ObamaCare further breaks with long-standing law by establishing new abortion surcharges. The new law requires premium payers to be assessed a separate abortion surcharge every month to pay for abortions.  Sec. 1303 clearly states that every premium payer in an abortion-covering plan will contribute a surcharge to an abortion fund to pay for other people’s abortions. Senator Nelson wrote this policy so the surcharge would be billed separately (as described in his statement above). However, new research published by Susan Muskett with the National Right to Life Committee indicates that insurance carriers are not actually billing the surcharge separately, despite the clear letter of the law.

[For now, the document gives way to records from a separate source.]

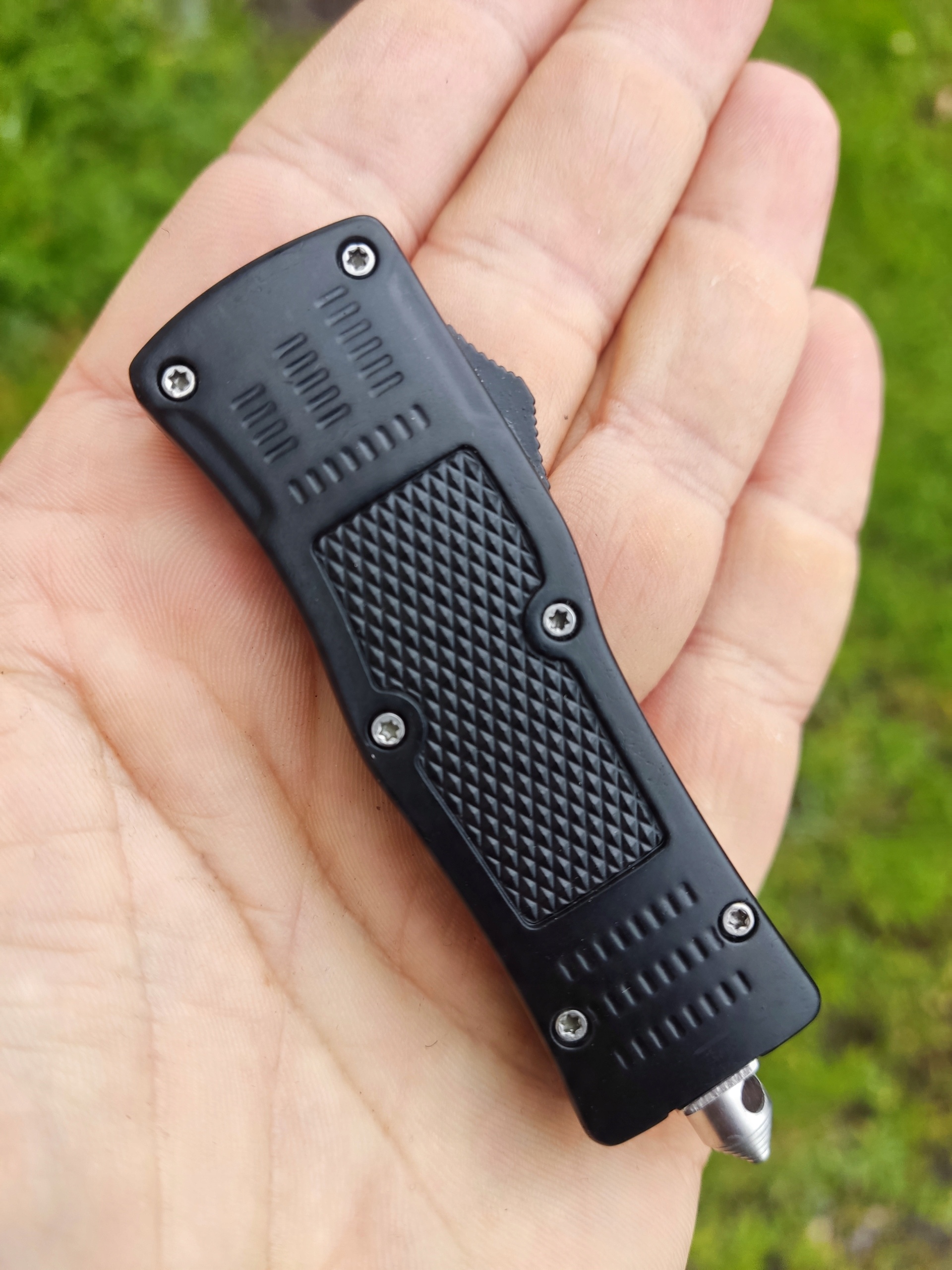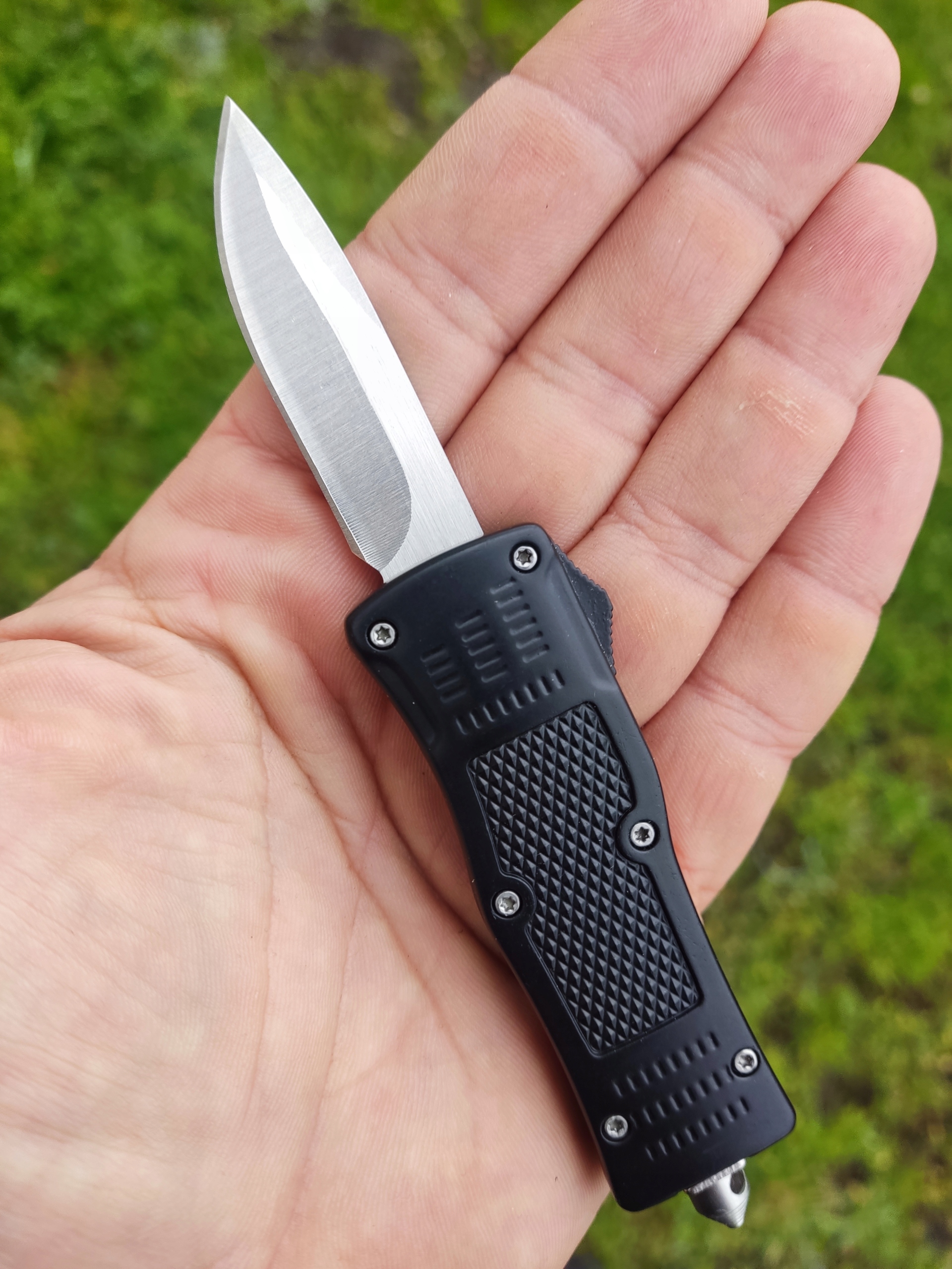 OTF лезо (з лезом, яке висувається спереду), яке автоматично висувається та втягується в металевій ручці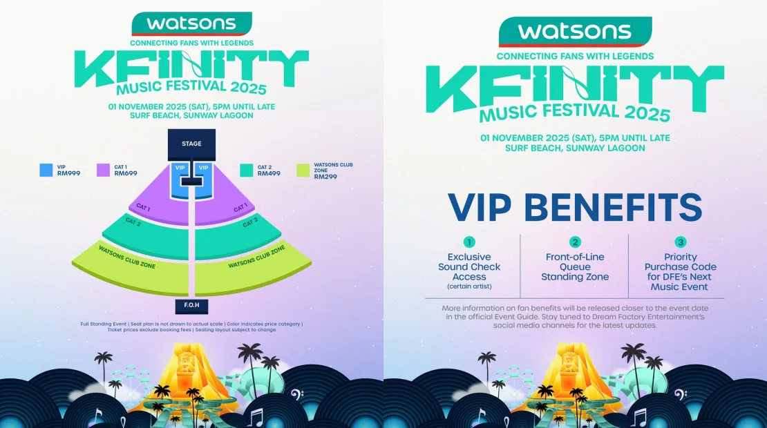 - Ticketing: RM299 (Watsons Club Zone), RM499 (CAT 2), RM699 (CAT 1), RM999 (VIP)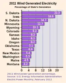 El viento genera aproximadamente el 16% (EWEA - 2011 European Statistics, febrero de 2012) de la energía eléctrica en España y Portugal,[36] 9% en Irlanda,[36] y 7% en Alemania.[37] Wind proporciona alrededor del 40% de la electricidad anual generada en Dinamarca[38] (un 20% más que en 2005);[39][40] para alcanzar este porcentaje, Dinamarca exporta excedentes e importaciones durante fallas hacia y desde la red de la UE, particularmente Norwegian Hydro, para equilibrar la oferta con la demanda.[41]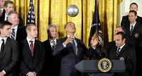 باراک اوباما رییس جمهورآمریکا در مراسم ویژه ای با حضور بازیکنان دو تیم قهرمان فصل گذشته لس انجلس نشان داد درفوتبال هم مهارتهایی دارد.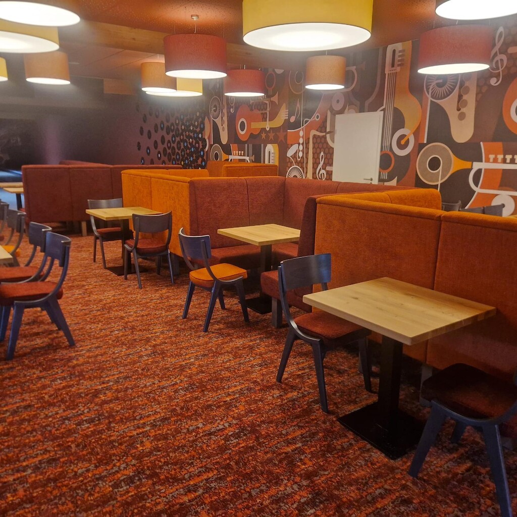 Ein weiteres gelungenes Projekt, das Komfort und Design eindrucksvoll vereint: Im Freizeitcenter Rammenau durften wir den Restaurantbereich mit einem neuen Teppichboden ausstatten. Auf 134 m² kamen Teppichfliesen aus unserer QStep Tiles Collection, Dekor F04-05A, zum Einsatz.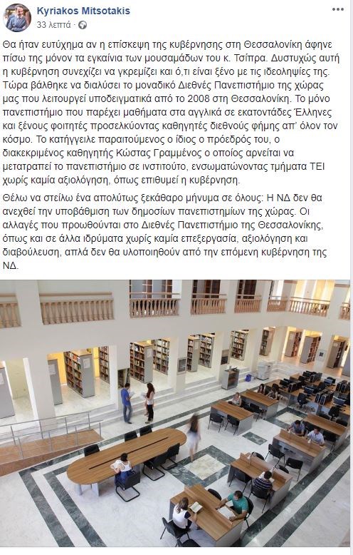Θέλω να στείλω ένα απολύτως ξεκάθαρο μήνυμα σε όλους: Η ΝΔ δεν θα ανεχθεί την υποβάθμιση των δημοσίων πανεπιστημίων της χώρας. Οι αλλαγές που προωθούνται στο Διεθνές Πανεπιστήμιο της Θεσσαλονίκης, όπως και σε άλλα ιδρύματα χωρίς καμία επεξεργασία, αξιολόγηση και διαβούλευση, απλά δεν θα υλοποιηθούν από την επόμενη κυβέρνηση της ΝΔ.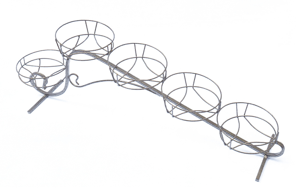 Подставка настольная ГОРКА на 5 горшков сделана из стального квадратного профиля диаметром 10 мм и окрашена специальной порошковой краской «антик – золото». Подставка имеет устойчивое основание.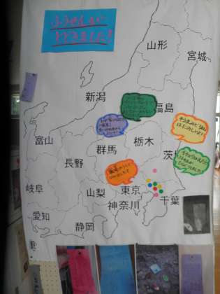 早速掲示板に貼って見てもらっています。みんなとても嬉しそうです。風船は千葉方面から茨城方面に飛んで行ったようで、印旛郡、印西市、松戸市、つくば市などからお返事が来ています。

National Right to Life’s research provides a detailed outline of the Nelson Amendment and the failure to bill the abortion surcharge separately. Here are some examples of its findings:

  • Gretchen Borchelt, director of state reproductive health policy at the National Women’s Law Center, told the Huffington Post that “we used to talk about it as being two checks that the consumer would have to write because of the segregation requirements, but that’s not the way it’s being implemented.” (Huffington Post, Sept. 3, 2013) Likewise, a spokeswoman for Rhode Island’s Exchange told PolitiFact Rhode Island that “the customer is not billed a separate fee.” (Politifact, Oct. 2, 2013) As PolitiFact notes, “It turns out to be a hidden fee.”
  • Despite the explicit statutory language, some state insurance commissioners are advising insurers that the state will not require them to collect the separate payments from enrollees, nor to even issue an itemized bill setting forth the separate costs.
  • Maryland’s Insurance Commissioner issued a bulletin to insurers on July 31, 2013, that requires issuers to have a segregation plan for abortion services but asserts that “issuers are not required to provide enrollees with separate invoices for non-excepted abortion services and all other services covered under a QHP [Exchange plan], nor to provide enrollees with itemization on a single invoice for non-excepted abortion services and all other services covered under a QHP.”
  • New York State’s Dept. of Financial Services issued guidance that: “QHP issuers that cover non-excepted abortion services must collect in the premium for each enrollee a payment for non-excepted abortion services. … The ACA permits QHP issuers to collect premiums for non-excepted abortion services and all other services in one transfer of funds. … QHP issuers will be in compliance with the ACA if they do not itemize non-excepted abortion services on the premium bill and collect both premiums through a single transfer of funds.”
  • Washington State adopted a regulation stating that Exchange plan issuers must segregate funds for elective abortion, but “[t]his rule does not require an issuer to conduct two separate premium transactions with enrollees. [Note, nor does the regulation require an itemized bill]. For purposes of approval by the commissioner, the segregation of premium may occur solely as an accounting transaction.”

While consumers will be paying an abortion surcharge (something that is not permitted under the Hyde Amendment), they may never know it. Between the failure to disclose abortion coverage at the outset and the failure to bill the surcharge separately, the consumer is left in the dark, unknowingly paying into an abortion fund.

This failure to disclose is a problem indicative of ObamaCare plans nationwide and is why I have introduced the “Abortion Insurance Full Disclosure Act” (HR-3279), a bill that requires information regarding either inclusion or exclusion of abortion coverage as well as the existence of an abortion surcharge to be prominently displayed. To rid ObamaCare of its massive expansion of abortion-on-demand facilitation and funding, I have also introduced the “No Taxpayers Funding of Abortion Act” (HR-7).

Abortion isn’t health care; it kills babies and harms women. We live in an age of ultrasound imaging – the ultimate window to the womb and the child who resides there. We are in the midst of a fetal healthcare revolution, an explosion of benign interventions designed to diagnose, treat and cure the youngest patients.

ObamaCare’s abortion mandate violates federal law and makes taxpayers complicit in the culture of death. This is not reform.